8 thoughts on “That Beehive in Your Head? That’s Just the Net Calling

  1. Excellent points. Relatedly: Rather than empowering new forms of solidarity and political activism, the web may just distract us from them. As Jodi Dean says in Blog Theory:

    “As multiple-recombinant ideas and images circulate, stimulate, they distract us from the antagonisms constitutive of contemporary society, inviting us to think that each opinion is equally valid, each option is equally likely, and each click is a significant political intervention. The deluge of images and announcements, enjoining us to react, to feel, to forward them to our friends, erodes critical-theoretical capacities – aren’t they really just opinions anyway? Feelings dressed up in jargon? Drowning in plurality, we lose the capacity to grasp anything like a system. React and forward, but don’t by any means think.”

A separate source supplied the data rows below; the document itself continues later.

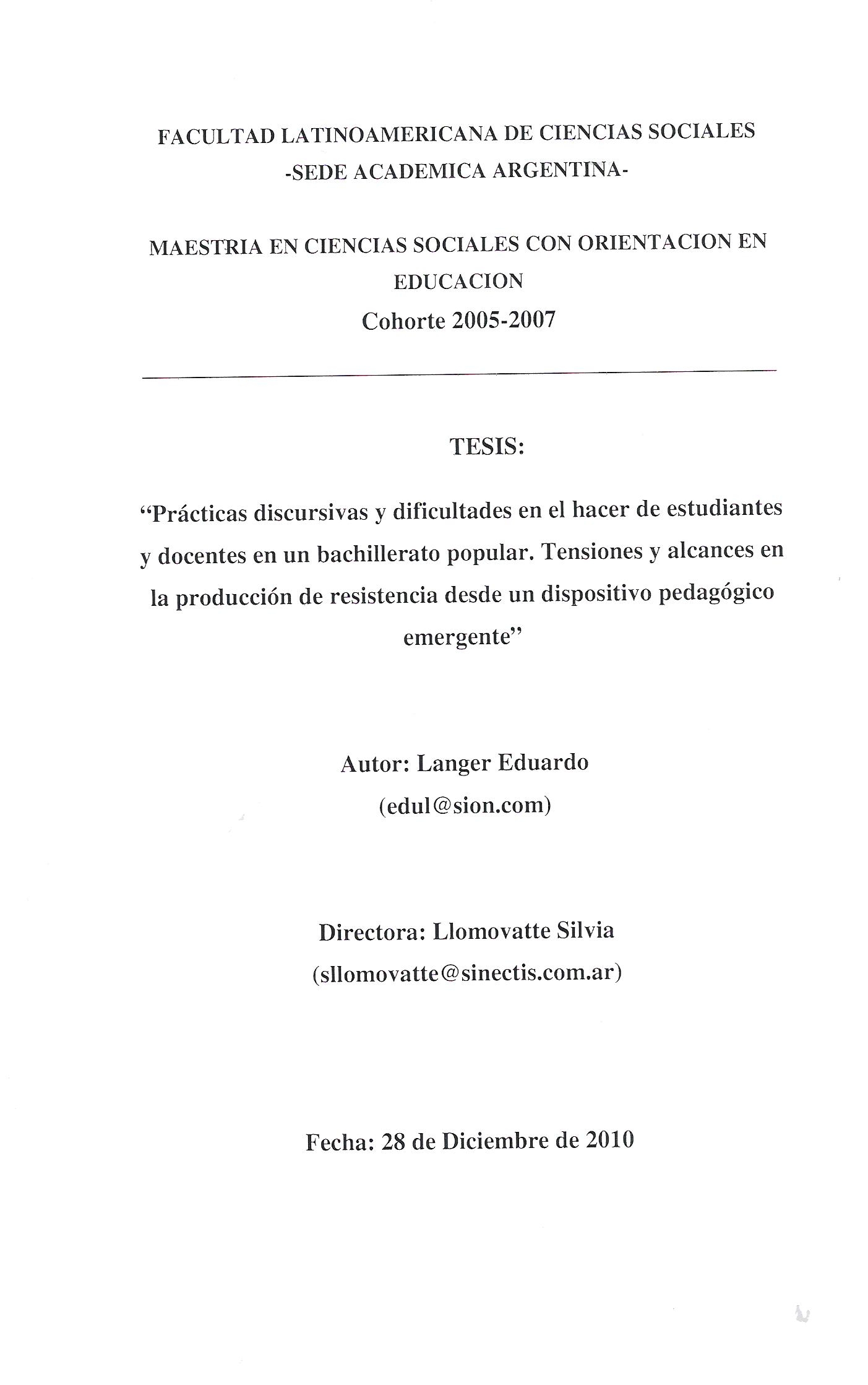 educativas que se estructuran contra el sistema neoliberal de producción de marginación y en el escenario argentino post 2001 de desocupación y pobreza. Adoptando el enfoque de la gubernamentalidad, analizaremos cómo las producciones de los dispositivos pedagógicos emergentes a través de determinadas experiencias educativas cotidianas y reales, los bachilleratos populares, dan algunas respuestas a las realidades educativas fragmentadas. Caracterizaremos los bachilleratos populares desde las propias prácticas discursivas de los sujetos como escuelas públicas estatales pero con control social y que tienden a la autogestión escolar ejercida por la sociedad civil organizada, como un tipo de enseñanza sistemática, democrática, gratuita, universal y donde los sujetos elaboran y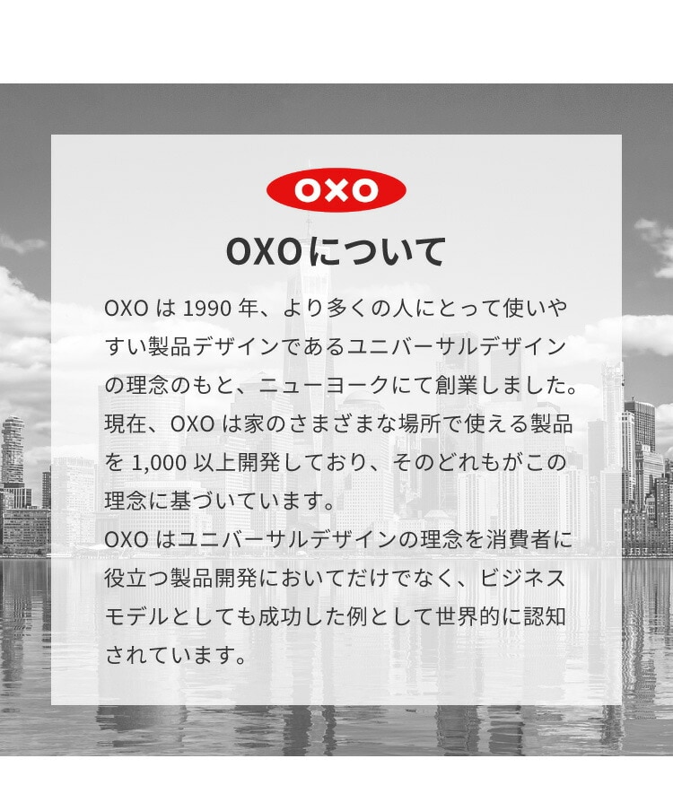 OXOは1990年、より多くの人にとって使いやすい製品デザインである、ユニバーサルデザインの理念のもと、ニューヨークにて創業しました。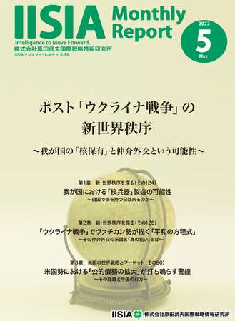 弊研究所は今後も、「IISIAマンスリー・レポート」等の調査分析レポートを通した“情報リテラシー”の普及により、企業ヴィジョンである「Pax Japonica」の実現に向けたサーヴィスを展開して参ります。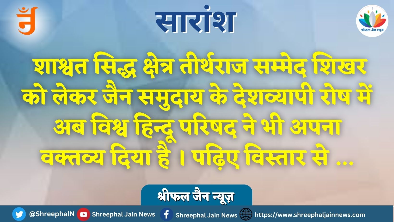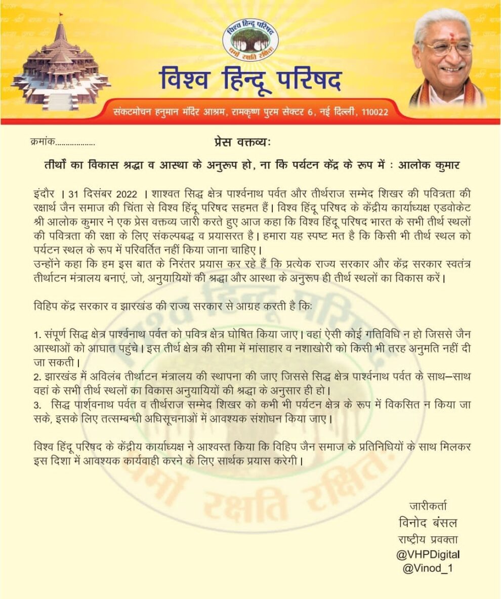 विश्व हिन्दू परिषद ने केन्द्र सरकार और झारखंड की राज्य सरकार से आग्रह किया है कि , संपूर्ण सिद्ध क्षेत्र पारसनाथ पर्वत को पवित्र तीर्थ घोषित किया जाए । वहां ऐसी कोई गतिविधियां न हो जिससे जैन आस्थाओं को आघात पहुंचे ।
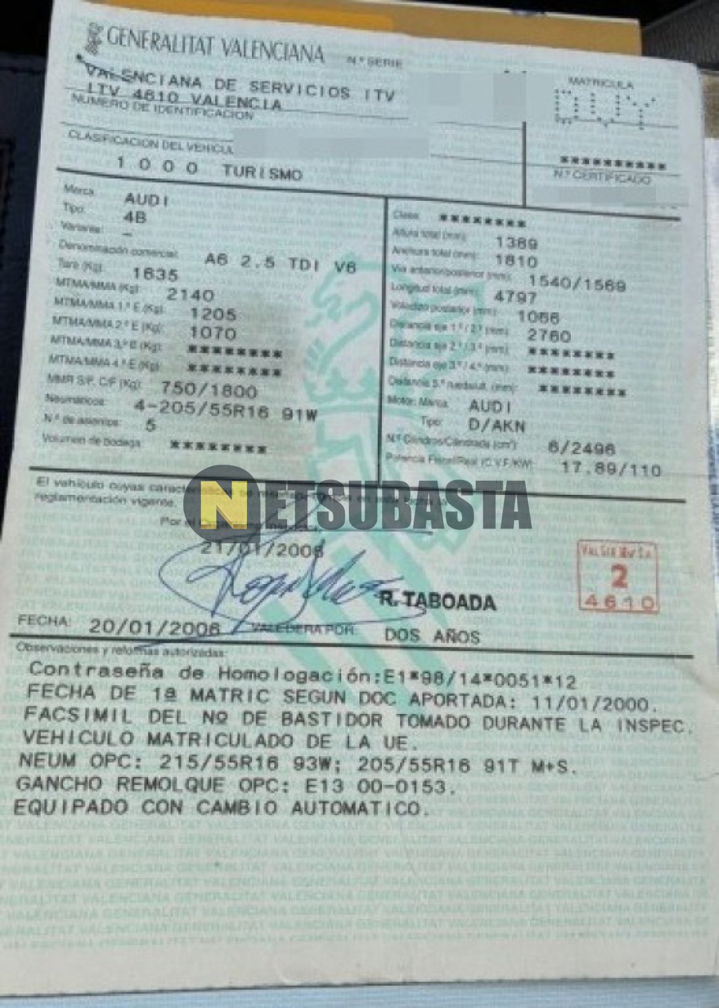 Subasta de Audi A6 2.5 TDI tiptronic 5 vel. 2000 Averiados, Marca Audi, Modelo A6 2.5 TDI tiptronic 5 vel., Combustible Diésel, Kilometraje 330.000 KM, Fecha 1ª matriculación 01/2000, Matrícula ****DVY, Color Exterior , Color Interior , IVA REBU y Ubicación Valencia.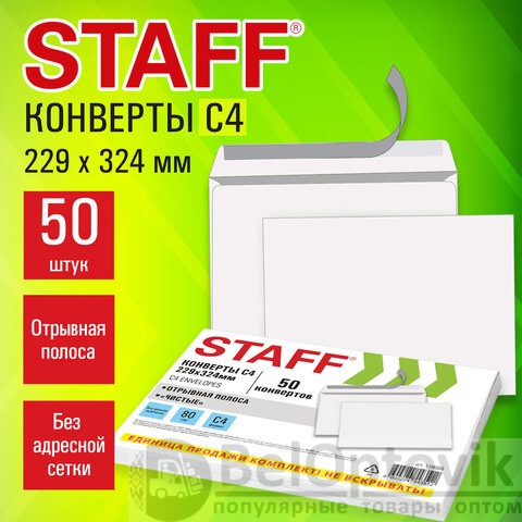 Конверты С4 (229х324 мм), отрывная лента, 80 г/м2, КОМПЛЕКТ 50 шт., внутренняя запечатка, STAFF, 118668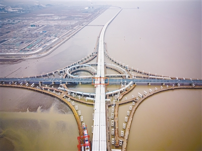这是2月1日拍摄的杭甬高速复线一期工程滨海互通(无人机照片)。连日来,在杭甬高速复线一期工程现场,工人们顶着海风加紧施工建设,现场一派繁忙。杭甬高速复线一期工程全长约55.833公里。 新华社记者 江汉 摄

    Click to access dean–blog-theory.pdf

    The distractions of the internet are also a substitute for actually experiencing and reacting against, say, job precarity or lack of insurance. We can think concretely of, say, a laid off worker, who now makes minimum wage, but who really doesn’t have much need for vacations or consumer goods any more, since a pink tractor in Farmville only costs $4 and is so much more interesting and cheap. An SEC advisor endorses this: http://rick.bookstaber.com/2010_10_01_archive.html

    “Computer games have progressed to the point where they are approaching the level of Nozick’s experience machine. They allow us to be anyone we want in whatever world we want, accompanied by whomever we want, all with full sensory feedback. If you think you used to burn a lot of your free waking hours with your jumping between email, video games, Facebook, and HBO back in 2010”

    The question becomes, I suppose, is to what extent is web surfing and reading akin to a distracting “Bejeweled” session. I keep writing my book in the hope of finding the common thread animating the dozens of articles, hundreds of blog posts, and thousands of tweets I’ve done. And perhaps it is only the pointless jouissance that occasionally motivates that activity that keeps the productive task of organizing and synthesizing information going.

  2. I belong to a couple of clubs where cellphones are prohibited. It’s the greatest thing in the world. I get there, turn my phone off, leave it in the car, and check out for hours. I highly recommend it. just leave it somewhere.

  3. I don’t find the internet that bad, which is perhaps a sign I’m drinking digital Kool-Aid by the gallon. But I’ve also always worked best, at any task, by frequently hitting my mental reset button. The best way to fix a sentence that is giving me a problem is to ignore it for two minutes. (Bigger problems need to be ignored for longer periods of time.) And I’m not sure if my attention span has declined or if I’ve simply become more demanding because I have more choices. Tell me what you have to say and why I should care RIGHT NOW or I’m gone. Folks really have to earn my attention nowadays, as of course I have to earn theirs.

  4. Peter,

    I suspect you are more disciplined than me – I get scattered quite quickly so surfing the ‘net is really an invitation to disaster. I do like the idea of ignoring problematic sentences though. (incidentally, that last point of yours needs to be applied to my reading habits – I think I need to stop reading some books rather than carrying on to the end.)